EXERCISE INSTRUCTIONS =
I need every line from the start of the material below up to and including the line containing "施洛瑟現(xiàn)年46歲", restated exactly, with the pictures omitted.

################

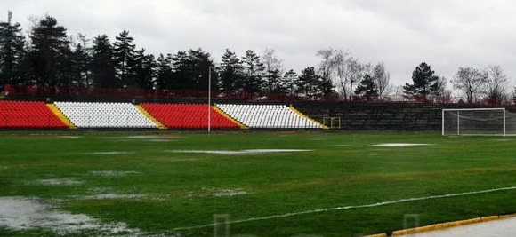 В следобедните часове теренът на градския стадион бе прорязан от 31 локви, някои от които растат видимо и са на път да се слеят. Най-трагично е положението пред футболните врати, където отдавна няма трева, а сега има само кал. Труднозабелязващите се при сухо време вдлъбнатини в терена сега са безпощадно онагледени от дъжда.
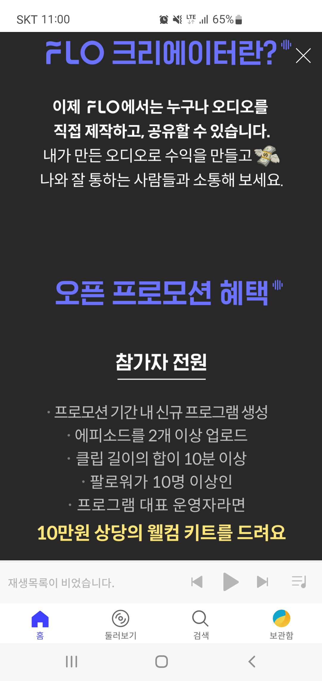 FLO크리에이터는 FLO에서 직접 오디오를 제작하고 공유할 수 있고 더불어 내가 만든 오디오로 수익을 만들 수 있습니다. 특히 이번 오픈 프로모션 혜택으로 참가자 전원에게는 주어진 조건을 만족할 경우 10만원 상당의 웰컴키트까지 선물로 주어진다고 합니다.
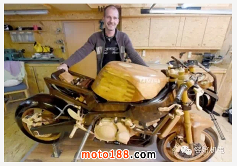 施洛瑟現(xiàn)年46歲,家住石勒蘇益格-荷爾斯泰因州尼勃施特爾村,他一直夢想買一輛雅馬哈fzr600r型摩托,妻子卻不同意。為了不惹妻子生氣,施洛瑟12年前提出造一輛木摩托放在客廳,得到妻子“恩準(zhǔn)”。施洛瑟隨后在車庫開始動工,按照原車尺寸一比一打造,這個過程讓他著迷。他說,最難的部分當(dāng)屬鏈條,包括430個零件。“有時我站在深及腳踝的木屑中……有些部件要做兩三次才能做好。”施洛瑟用壞10臺角磨機,耗費4000多個工時,終于完成這件作品,看來賢內(nèi)助還是很給力的哈。
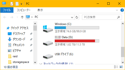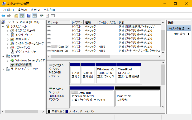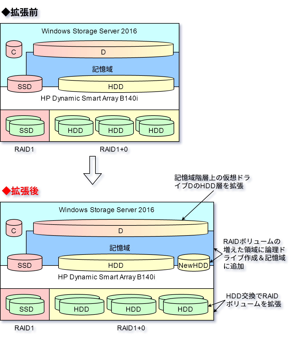 ソースの表示以前のリビジョンバックリンク全て展開する/折り畳む文書の先頭へ Share via Share via... Twitter LinkedIn Facebook Pinterest Telegram WhatsApp Yammer Reddit Teams最近の変更Send via e-Mail印刷パーマリンク × 目次 既存の記憶域階層にHDDを追加してディスク容量を拡張する 試した環境 手順 現状の確認 物理HDDの追加 HDD層の拡張 仮想ディスクの拡張 参考サイト 既存の記憶域階層にHDDを追加してディスク容量を拡張する Windows Storage Server 2016で、SSDとHDDの記憶域階層に確保している仮想ドライブの容量が不足してきたので、HDDを追加して容量を増やしてみたメモ。 試した環境 Windows Storage Server 2016 バージョン1607 SSD層640GB, HDD層10TBの記憶域階層に確保した10TBのNTFS仮想ディスク SSD層:HP Dynamic Smart Array B140iで構築したSSD×2のRAID-1から切り出した論理ドライブ HDD層:同じくHDD×2×3のRAID-10から切り出した論理ドライブ B140iは既存の論理ドライブを拡張することができない。幸い、HDD交換で増えた領域に論理ドライブを作ることはできるので、新たな論理ドライブを記憶域プールに追加するという方法を取った。 ハードウェアRAIDの論理ドライブで記憶域プールを作成するのは非推奨なのに加え、ハードウェアRAIDで1つにまとめたボリュームから作った2つの論理ドライブを記憶域プールで再度1つにまとめている。下図の通り、かなりキモい構成である。 手順 大まかな手順は以下のとおりである。 記憶域プールにHDDを追加 記憶域階層のHDD層の容量を拡大 仮想ドライブの容量を拡大 現状の確認 まずは現状の確認。 対象の記憶域プールは「TieredPool」で、その上に載っている仮想ディスク「TieredDisk」を最終的に拡張する。 TieredPoolはHDDとSSDからなる記憶域階層プール、TieredDiskは同プールを丸ごと使った約11TBの仮想ディスクである。 PS C:\Users\Administrator> Get-StoragePool TieredPool | Get-PhysicalDisk | FT DeviceId, FriendlyName, Size, MediaType DeviceId FriendlyName Size MediaType -------- ------------ ---- --------- 0 HP LOGICAL VOLUME 799937658880 SSD 1 HP LOGICAL VOLUME 12002017673216 HDD PS C:\Users\Administrator> Get-VirtualDisk FriendlyName ResiliencySettingName OperationalStatus HealthStatus IsManualAttach Size ------------ --------------------- ----------------- ------------ -------------- ---- TieredDisk OK Healthy False 11.52 TB エクスプローラから見ると↓こんな感じ。 既存のHDD層の残り容量(TierSizeMax/仮想ディスクを拡張できる容量)は約15GBである。 PS C:\Users\Administrator> Get-StorageTierSupportedSize TieredDisk_HDDtier SupportedSizes TierSizeMin TierSizeMax TierSizeDivisor -------------- ----------- ----------- --------------- {} 268435456 16374562816 268435456 物理HDDの追加 まずは追加すべきドライブを確認。 PS C:\Users\Administrator> Get-PhysicalDisk | ft FriendlyName,SerialNumber,CanPool,BusType,DeviceId,MediaType,Size FriendlyName SerialNumber CanPool BusType DeviceId MediaType Size ------------ ------------ ------- ------- -------- --------- ---- HP LOGICAL VOLUME True RAID 4 Unspecified 18000133136384 HP LOGICAL VOLUME False RAID 0 SSD 799937658880 HP LOGICAL VOLUME False RAID 1 HDD 12002017673216 リストの最初、DeviceIdが4のデバイスが今回追加するドライブである。さくっと追加。 PS C:\Users\Administrator> $adddisk = Get-PhysicalDisk | WHERE DeviceId -eq 4 PS C:\Users\Administrator> echo $adddisk FriendlyName SerialNumber CanPool OperationalStatus HealthStatus Usage Size ------------ ------------ ------- ----------------- ------------ ----- ---- HP LOGICAL VOLUME True OK Healthy Auto-Select 16.37 TB PS C:\Users\Administrator> Add-PhysicalDisk -PhysicalDisks $adddisk -StoragePoolFriendlyName TieredPool PS C:\Users\Administrator> Get-StoragePool TieredPool | Get-PhysicalDisk | FT DeviceId, FriendlyName, Size, MediaType DeviceId FriendlyName Size MediaType -------- ------------ ---- --------- 4 HP LOGICAL VOLUME 17999939502080 Unspecified 0 HP LOGICAL VOLUME 799937658880 SSD 1 HP LOGICAL VOLUME 12002017673216 HDD 実のところ、本デバイスはハードウェアRAID上に構築された論理ドライブなので、メディアタイプがUnspecifiedになってしまっている。こいつをHDDに変えると、HDD層として使えるようになる。 PS C:\Users\Administrator> Get-StoragePool TieredPool | Get-PhysicalDisk | WHERE DeviceId -eq 4 | Set-PhysicalDisk -MediaType HDD PS C:\Users\Administrator> Get-StoragePool TieredPool | Get-PhysicalDisk | FT DeviceId, FriendlyName, Size, MediaType DeviceId FriendlyName Size MediaType -------- ------------ ---- --------- 4 HP LOGICAL VOLUME 17999939502080 HDD 0 HP LOGICAL VOLUME 799937658880 SSD 1 HP LOGICAL VOLUME 12002017673216 HDD HDD層の拡張 現在の記憶域階層の状況を確認。 PS C:\Users\Administrator> Get-StorageTier | FT FriendlyName, Size, MediaType FriendlyName Size MediaType ------------ ---- --------- SSDtier 0 SSD TieredDisk_SSDtier 678604832768 SSD TieredDisk_HDDtier 11984837804032 HDD HDDtier 0 HDD SSDtier, HDDtierは記憶域階層プールTieredPool作成時に割り当てた各階層、TieredDisk_SSDtier, TieredDisk_HDDtierは仮想ディスクTieredDiskに割り当てられた各階層を表す。プールの全領域がTieredDiskに割り当てられていることがわかる。 TieredDisk_HDDtierの拡張可能サイズを調べる。 PS C:\Users\Administrator> Get-StorageTierSupportedSize TieredDisk_HDDtier SupportedSizes TierSizeMin TierSizeMax TierSizeDivisor -------------- ----------- ----------- --------------- {} 268435456 18015508758528 268435456 冒頭のGet-StorageTierSupportedSize
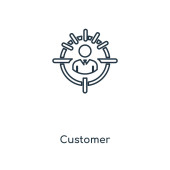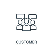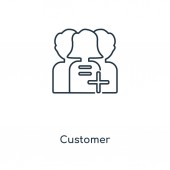 ikona wektorowa klienta konspektu. na białym tle prosty element linii ilustracji z koncepcji technologii. edytowalny wektor ikona klienci skok na białym tle
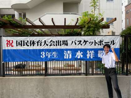 本校3年生の清水 祥敬 君が栃木県にて開催される第77回国民体育大会 バスケットボール競技に大阪府代表少年男子チーム選手として参加します。野田中学校藤友会、同窓会から横断幕を作成していただきました!
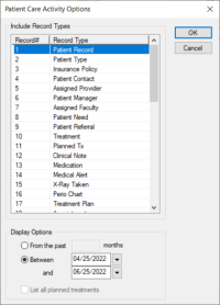 Note: The records included in this list are not based on Record# numerical order. They are based on your user level and are set up by your axiUm administrator, and some may not be present.
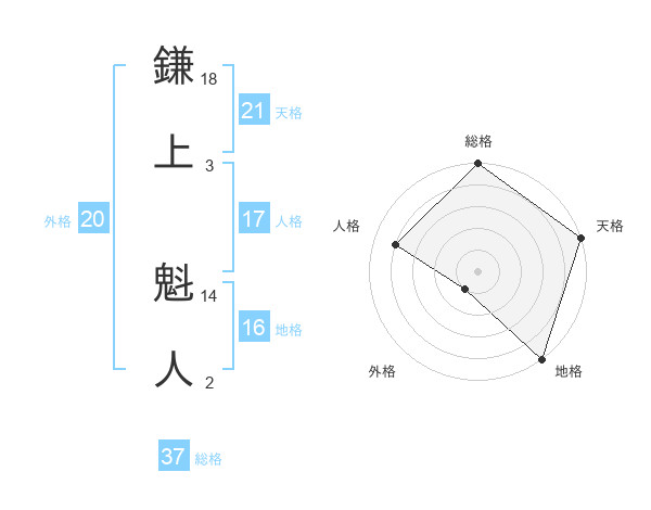 鎌上 魁人さんの総格は37画の5点
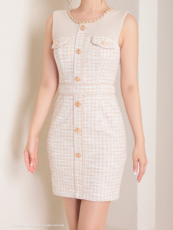 - > 【ANDY/アンディ】ツイード/ 切替デザイン/ ノースリーブ/ ボタン/ タイト/ ストレッチ/ ミニドレス/ キャバドレス[OF05]
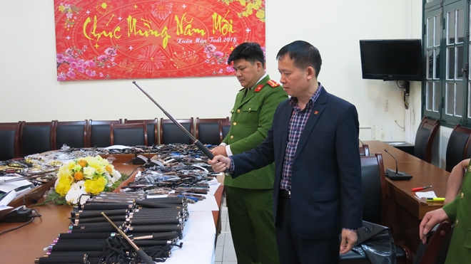 | Đại tá Dương Văn Giáp, Trưởng phòng CSHS Hà Nội kiểm tra số tang vật vừa bị thu giữ |

################

SOLUTION =
 В следобедните часове теренът на градския стадион бе прорязан от 31 локви, някои от които растат видимо и са на път да се слеят. Най-трагично е положението пред футболните врати, където отдавна няма трева, а сега има само кал. Труднозабелязващите се при сухо време вдлъбнатини в терена сега са безпощадно онагледени от дъжда.
 FLO크리에이터는 FLO에서 직접 오디오를 제작하고 공유할 수 있고 더불어 내가 만든 오디오로 수익을 만들 수 있습니다. 특히 이번 오픈 프로모션 혜택으로 참가자 전원에게는 주어진 조건을 만족할 경우 10만원 상당의 웰컴키트까지 선물로 주어진다고 합니다.
 施洛瑟現(xiàn)年46歲,家住石勒蘇益格-荷爾斯泰因州尼勃施特爾村,他一直夢想買一輛雅馬哈fzr600r型摩托,妻子卻不同意。為了不惹妻子生氣,施洛瑟12年前提出造一輛木摩托放在客廳,得到妻子“恩準(zhǔn)”。施洛瑟隨后在車庫開始動工,按照原車尺寸一比一打造,這個過程讓他著迷。他說,最難的部分當(dāng)屬鏈條,包括430個零件。“有時我站在深及腳踝的木屑中……有些部件要做兩三次才能做好。”施洛瑟用壞10臺角磨機,耗費4000多個工時,終于完成這件作品,看來賢內(nèi)助還是很給力的哈。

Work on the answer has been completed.